### [DATA IN THIS EXERCISE]
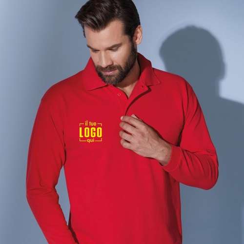 Polo Classica Uomo 100% Cotone a Manica Lunga, Collo a 3 Bottoni, Spacchetti Laterali Personalizzata come Capo Promozionale
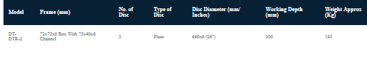 DUROTRAC Disc Ridger consists of heavy duty tubular box frame, hitch system and discs. It is used for making irrigation banks of up to 500 – 600 mm height and 600 – 800 mm width for effective control of flood irrigation or bunds of the size and shape to match crop and soil conditions. The Discs are adjustable along the frame to vary band width and height. Even the disc angle is adjustable.
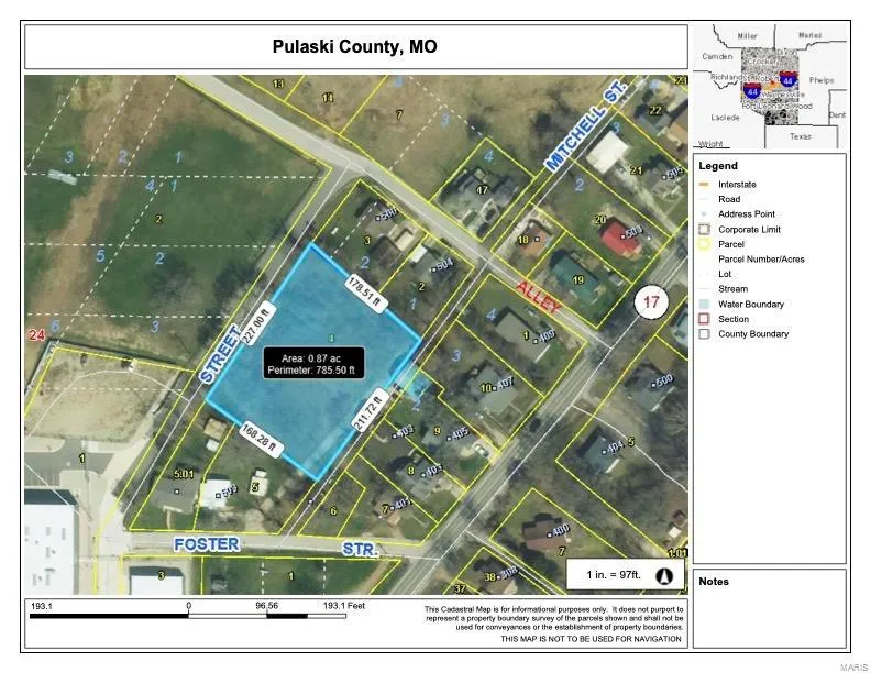 Oversized lot conveniently located near the Roubidoux park and downtown Waynesville. Close proximity to Fort Leonard Wood and 1-44, a great space to build your own home!
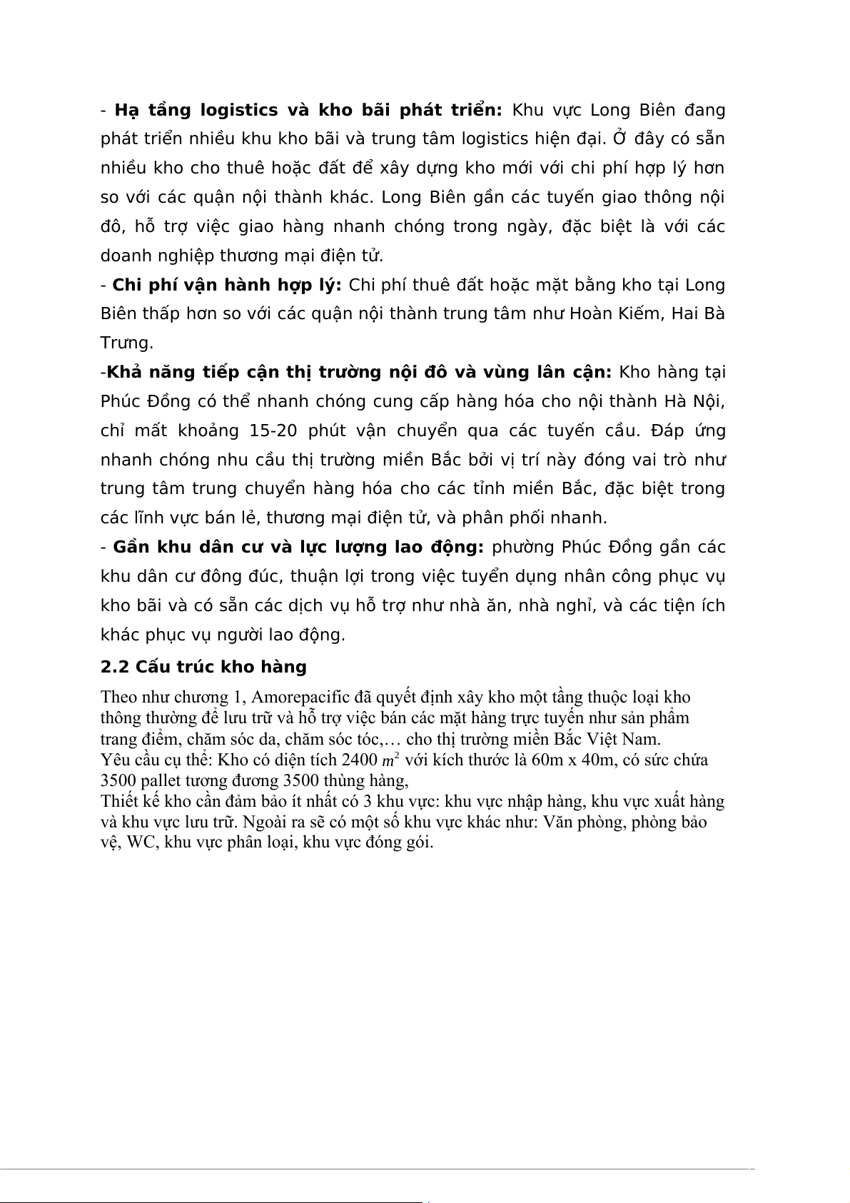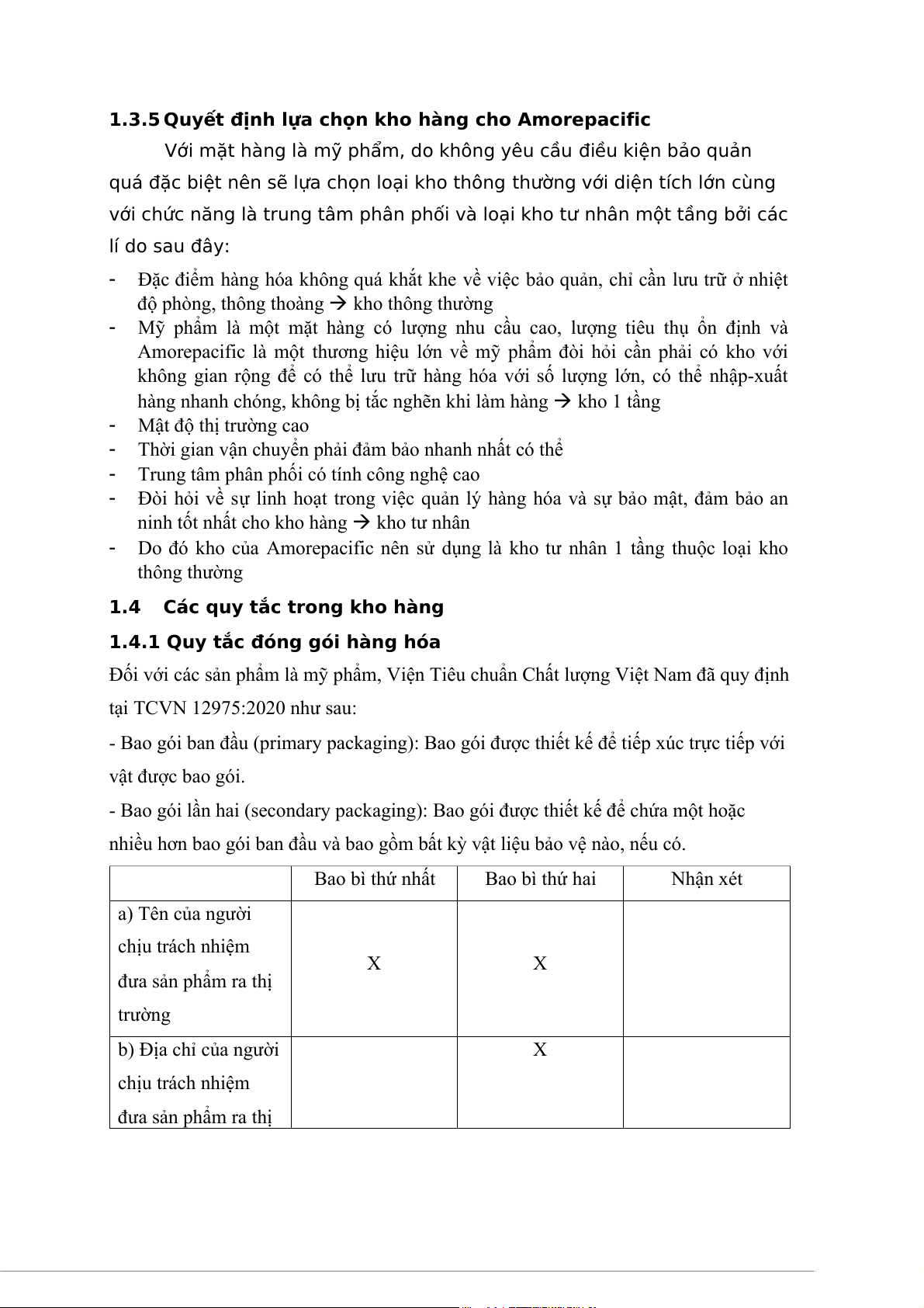 Theo như chương 1, Amorepacific đã quyết định xây kho một tầng thuộc loại kho
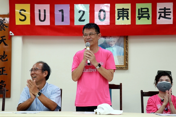 會後,全員移駕至操場,校長及各隊隊長們一同引領大家誓師起跑。學校參賽隊伍中,精心規劃的「SU120第1隊」是立志奪冠的金牌隊伍,高手雲集,成員除校長及光清董事長外,還有永遠不敗的東方介德主任、東吳籃球三分王戰將王志傑研發長、單攻玉山48小時不歇腳的吳吉政主任,個個都是強咖猛將,立志奪冠。活動將從9月1日至9月30日展開,教職員和海內外校友,大夥遍地開跑,24小時不停接力,最後冠軍是否能如願獎落SU120第1隊?請大家拭目以待,也歡迎各路好手一起來挑戰。
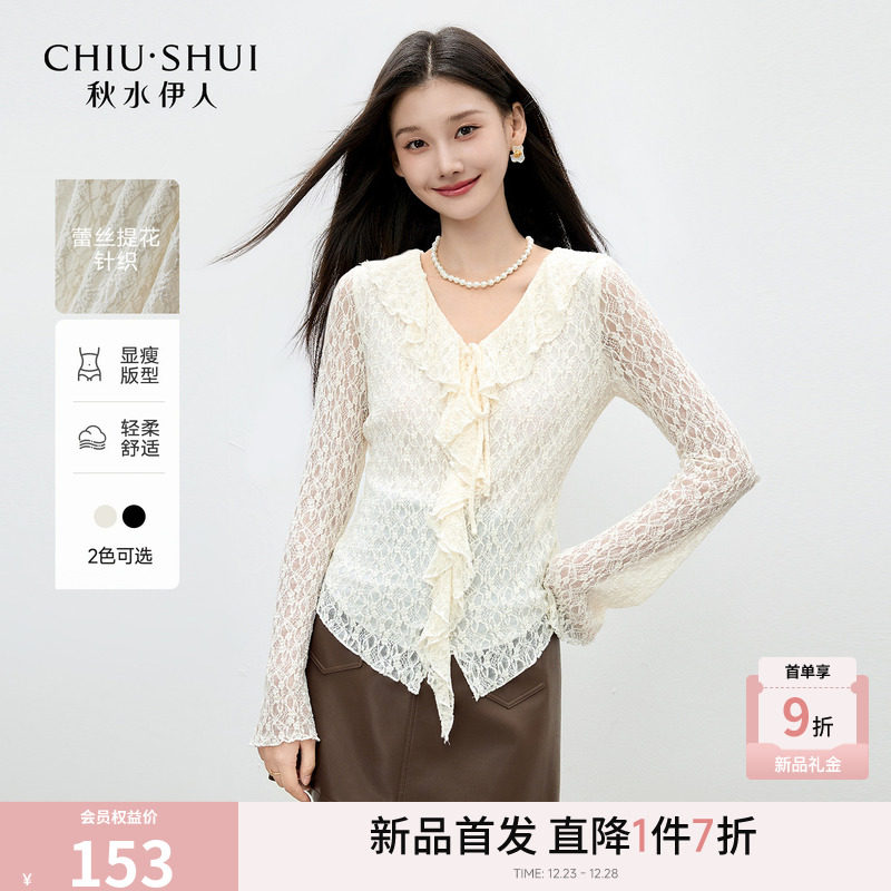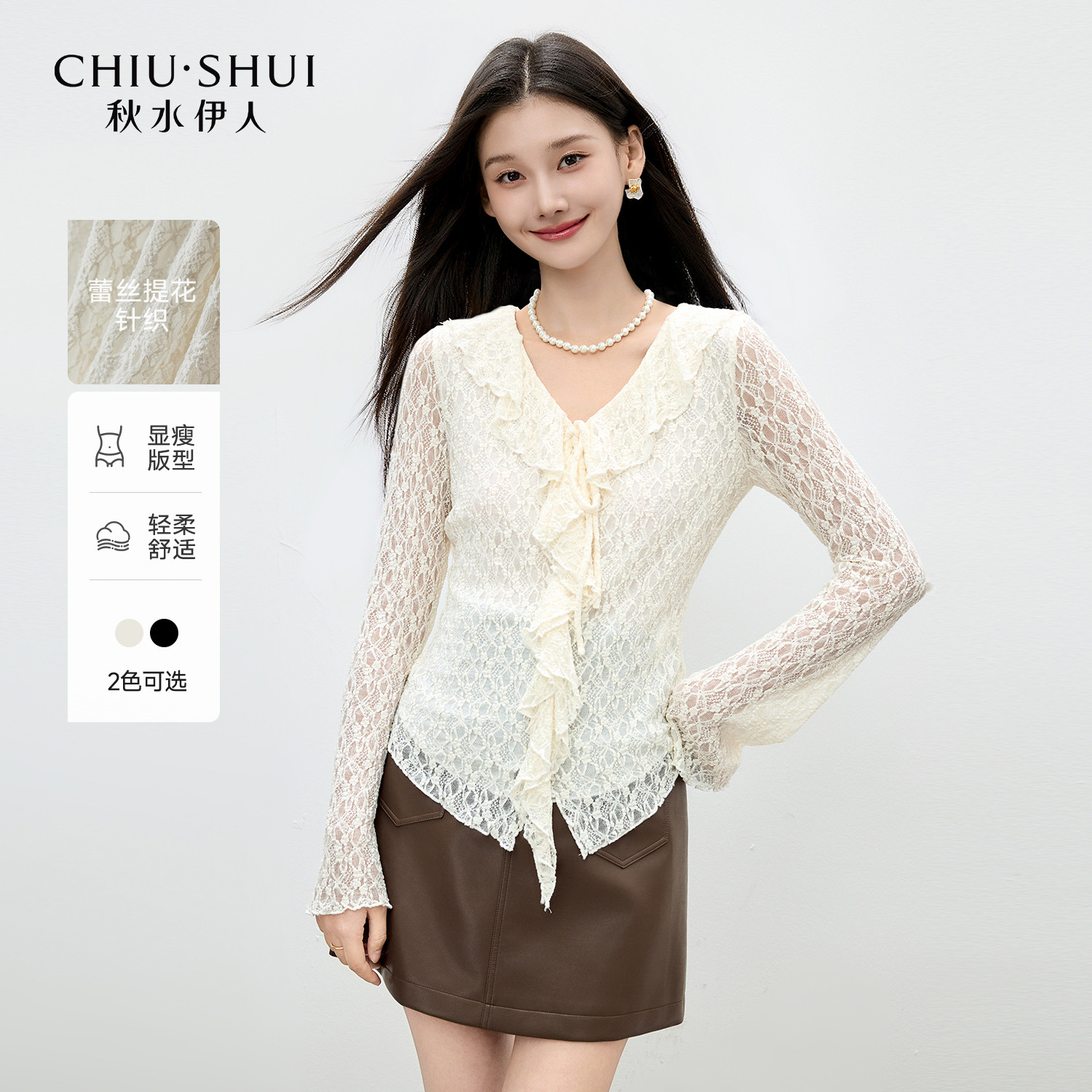 秋水伊人优雅气质V领喇叭袖上衣2026年春季新款荷叶边设计蕾丝衫
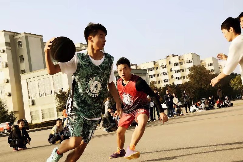 篮球场上,队员们动作连贯、配合默契、投篮准确,比赛气氛紧张热烈。经过一个多月的激烈角逐,最终,16级联合队和17级联合队在比赛队伍中脱颖而出。决赛初始,17级队员在其队长的带领下组织进攻,默契的合作,在第一、二节暂时保持着优势。由于比赛前期比分的落后,16级篮球队队长立即调整心态,发现问题,调整战术。第三节开始,16级队员全力打好配合,寻找“突围”的机会。16级24号球员弯着腰,篮球在他的手下前后左右不停地拍着,突然他加快了步伐,变向转体,冲过了两层防线,来到篮下,一个虎跳,转身投篮,球进了。16级联合队乘胜追击,比分逐渐拉近,比赛进入白热化阶段。第四节,比赛的最后阶段,16级队员展开攻势,一个又一个漂亮的三分入筐。最终,16级联合队以63:53的比分赢得冠军。最后,获胜队伍与工作人员合影留念。
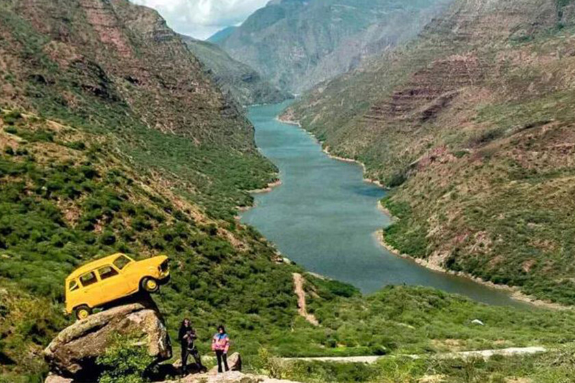 Cualquiera que viaje por la carretera que une Bucaramanga con Zapatoca, en el norte de Colombia, inevitablemente se topará con una imagen curiosa: un Renault 4 amarillo encaramado a una roca, vigilando el paisaje montañoso. No es una escultura ni nada por el estilo: es un coche real que lleva ahí más de 30 años y, con el tiempo, se ha convertido en una parada obligada para quienes visitan “la ciudad del clima de seda”.
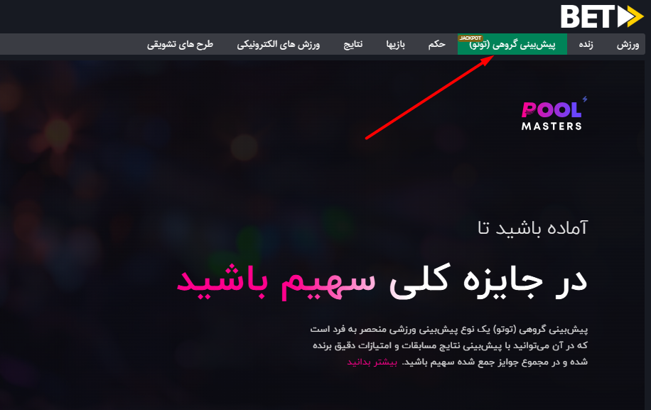 ۱- ورود به حساب کاربری: ابتدا وارد حساب کاربری خود در سایت بت فوروارد شوید و از نوار بالای سایت پیشبینی گروهی (توتو) را انتخاب کنید.

### [WORK ORDER]
Write out nothing but the lines from the one with "會後,全員移駕至操場,校長及" through the last line of the entries, exactly as they stand; pictures are not part of the copy.

### [REPLY]
 會後,全員移駕至操場,校長及各隊隊長們一同引領大家誓師起跑。學校參賽隊伍中,精心規劃的「SU120第1隊」是立志奪冠的金牌隊伍,高手雲集,成員除校長及光清董事長外,還有永遠不敗的東方介德主任、東吳籃球三分王戰將王志傑研發長、單攻玉山48小時不歇腳的吳吉政主任,個個都是強咖猛將,立志奪冠。活動將從9月1日至9月30日展開,教職員和海內外校友,大夥遍地開跑,24小時不停接力,最後冠軍是否能如願獎落SU120第1隊?請大家拭目以待,也歡迎各路好手一起來挑戰。
 秋水伊人优雅气质V领喇叭袖上衣2026年春季新款荷叶边设计蕾丝衫
 篮球场上,队员们动作连贯、配合默契、投篮准确,比赛气氛紧张热烈。经过一个多月的激烈角逐,最终,16级联合队和17级联合队在比赛队伍中脱颖而出。决赛初始,17级队员在其队长的带领下组织进攻,默契的合作,在第一、二节暂时保持着优势。由于比赛前期比分的落后,16级篮球队队长立即调整心态,发现问题,调整战术。第三节开始,16级队员全力打好配合,寻找“突围”的机会。16级24号球员弯着腰,篮球在他的手下前后左右不停地拍着,突然他加快了步伐,变向转体,冲过了两层防线,来到篮下,一个虎跳,转身投篮,球进了。16级联合队乘胜追击,比分逐渐拉近,比赛进入白热化阶段。第四节,比赛的最后阶段,16级队员展开攻势,一个又一个漂亮的三分入筐。最终,16级联合队以63:53的比分赢得冠军。最后,获胜队伍与工作人员合影留念。
 Cualquiera que viaje por la carretera que une Bucaramanga con Zapatoca, en el norte de Colombia, inevitablemente se topará con una imagen curiosa: un Renault 4 amarillo encaramado a una roca, vigilando el paisaje montañoso. No es una escultura ni nada por el estilo: es un coche real que lleva ahí más de 30 años y, con el tiempo, se ha convertido en una parada obligada para quienes visitan “la ciudad del clima de seda”.
 ۱- ورود به حساب کاربری: ابتدا وارد حساب کاربری خود در سایت بت فوروارد شوید و از نوار بالای سایت پیشبینی گروهی (توتو) را انتخاب کنید.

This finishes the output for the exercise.